Place Where You Live:

Kangaroo Island, Australia

There’s an island off the coast of South Australia that I’ve visited yearly since childhood; as a family we would holiday there, staying in my grandpa’s shack. The kangaroos move a little more slowly than those on the mainland – they have no predators here. They come quietly, loping into your campground or the barbeque area at your holiday house. They’ll sniff you with their soft, whiskery noses. On a hike into the bush, you might disturb one of their smaller cousins, the Tamar wallaby; if you’re lucky, you might also meet an echidna (spiny anteater) or a giant monitor lizard. If you’re prepared to wait, you might catch the brilliant red flash of the tail of a glossy black cockatoo; it would be a very rare sighting. The trick is to sit and wait. Keep still. Don’t make any noise; the animals will come to you.
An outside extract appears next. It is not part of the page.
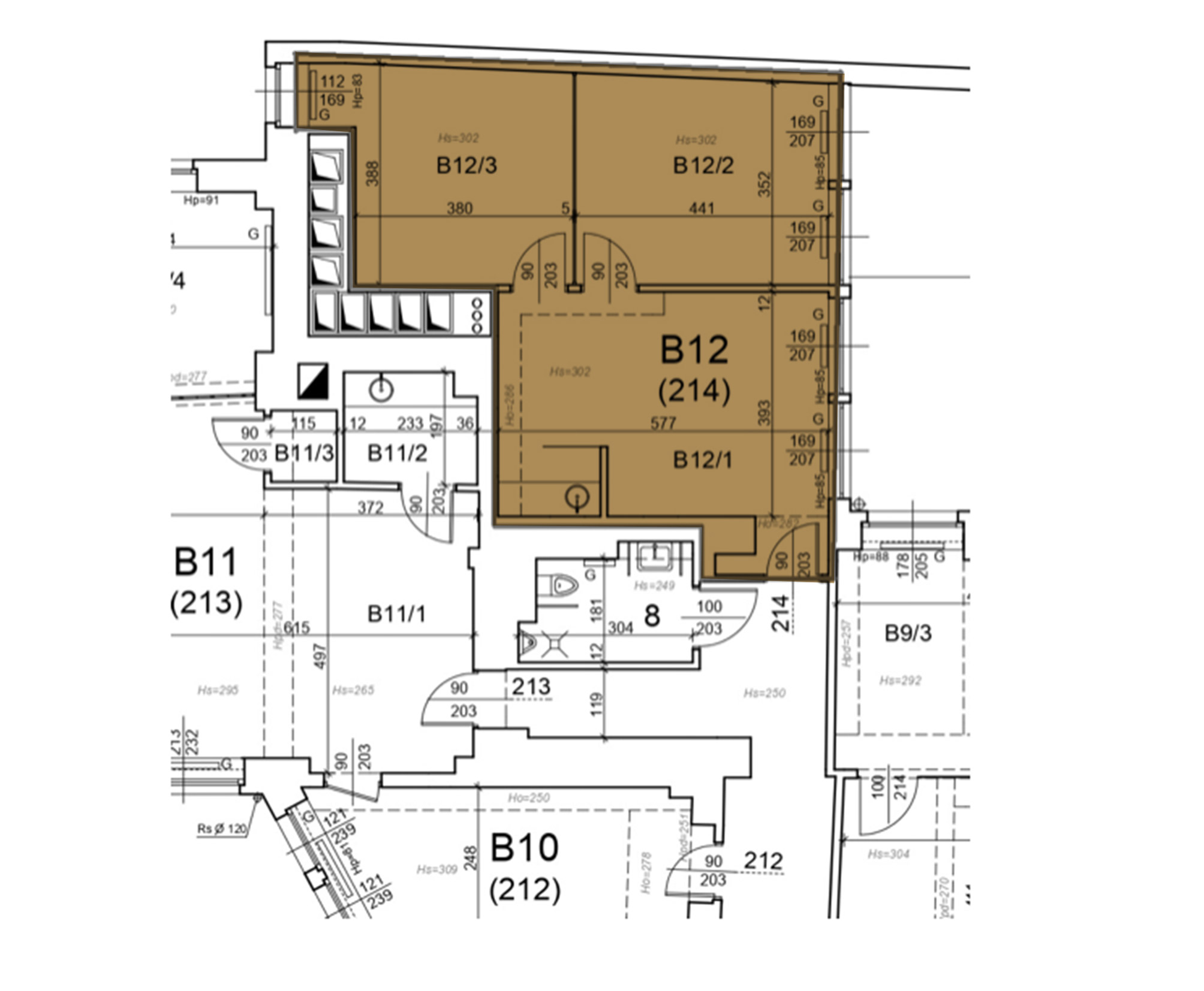 Lokal 214 – 57 m2 + 8 m2 pow. wsp. = 65 m2

The delight of such encounters is what drives me back, year after year. It’s what I would miss most, what I fear my unborn grandchildren might miss if we don’t take care. Recently someone posted a video of early morning at American River, a sleepy fishing town on the island first settled by sealers in the early 1800s. In one pan the photographer had captured a dolphin rising from the calm waters, a chortling flock of cormorants and the graceful flight and sea landing – cushioned by its wide, webbed feet – of a pelican. For us, Kangaroo Island feels like one of the last true wildernesses, though my aunt tells me the wildlife is not teeming as it once used to be. A decade ago we would hear the baby penguins calling, at night, from their rocky holes, or we’d spotlight their parents waddling up the beach to feed them. Sadly the fur seals, and human habitation, have caused their colonies to decline. But the roos are still here. Every time I behold one in the wild, it stops me – and slows me down. As if it’s the first time I’ve ever seen such a magnificent animal. A gentle surprise, every time.